Policy Shift on Graft Prevention Is a Joke

Joko Widodo’s plan to issue a regulation focusing more on graft prevention rather than enforcement — meaning investigation, arrest and prosecution — is a troubling shift of the country’s graft eradication policy in the wrong direction.

In an ideal world, prevention and prosecution are equally important. Indonesia is far from ideal. The term “corruption” was only introduced here less than 12 years ago. Corruption is so pervasive in almost all levels of society that punishing those who engage in it should be at the forefront of graft eradication efforts. Public punishment is a particularly powerful educational tool and deters future crimes.

Prevention is a long-term, gradual effort. But fixing the system and enhancing good governance cannot happen without first changing officials’ mindset — in Joko’s words, effecting a “mental revolution” — if you fail to demonstrate that breaking the law, whoever you are, carries consequences.

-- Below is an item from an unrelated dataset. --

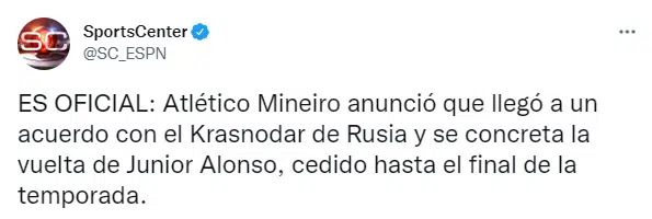 Junior Alonso vuelve a Atlético Mineiro, donde esta temporada será dirigido por Antonio Mohamed y va a disputar una nueva temporada en Sudamérica. El nombre del defensor sigue causando mucho enojo entre los hinchas de Boca debido a como se dio su salida del club y quieren volver a enfrentarlo en la Copa Libertadores.

Significantly curbing investigations, arrests and prosecutions when we know that there are so many people purloining taxpayers’ money sends the wrong message. It’s like saying: Those who have stolen state money can get away with it, since we’re now focusing only on those with future intent.

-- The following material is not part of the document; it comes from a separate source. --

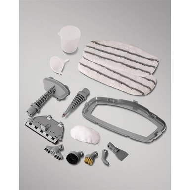 Denne stående og håndholdte dampmoppen vil hjelpe deg med å rengjøre hele huset. Egnede overflater er tette harde gulv, tepper, arbeidsflater, dusjdører, murstein og gips, ovner, ovner og griller, møbeltrekk, kraner og sanitærutstyr. 1500w produserer dampkraft som dreper 99,9% av bakterier rundt i hjemmet, og en 380 ml vanntank og 5 m strømkabel lar deg rengjøre lenge og lenger. Dampmoppen varmes opp på 30 sekunder og har en driftstid på 11 minutter. Dampkontrollknotten kan justere mengden damp opp til 30 g/min. Välj mellan handhållet eller golvmopps-läge beroende på dina behov. Tilbehør som inngår Matt glider • Universal gulvduk (2 stk) • Forlengelsesdyse • Polsterdyse • Klut for dyse dyser • Vindusrengjøringsutstyr • Rengjøring av spalte • Vinklet jet dyse • Rund nylonbørste (1 stk) • Rund messingbørste (1 stk) • Plastskrape • Påfyllingsbeger

As the head of state, Joko can’t dictate what the Corruption Eradication Commission (KPK) can or can’t do. However, he has used extraordinary circumstances to justify directly appointing three of the current five KPK commissioners — positions usually selected from the public by an independent team and agreed upon by the House of Representatives, the KPK is already under the president.

Curbing prosecutions effectively kills the KPK as we know it: Arrests and prosecutions have been why we love and trust the KPK — and why Indonesia’s most dangerous criminals fear and despise it.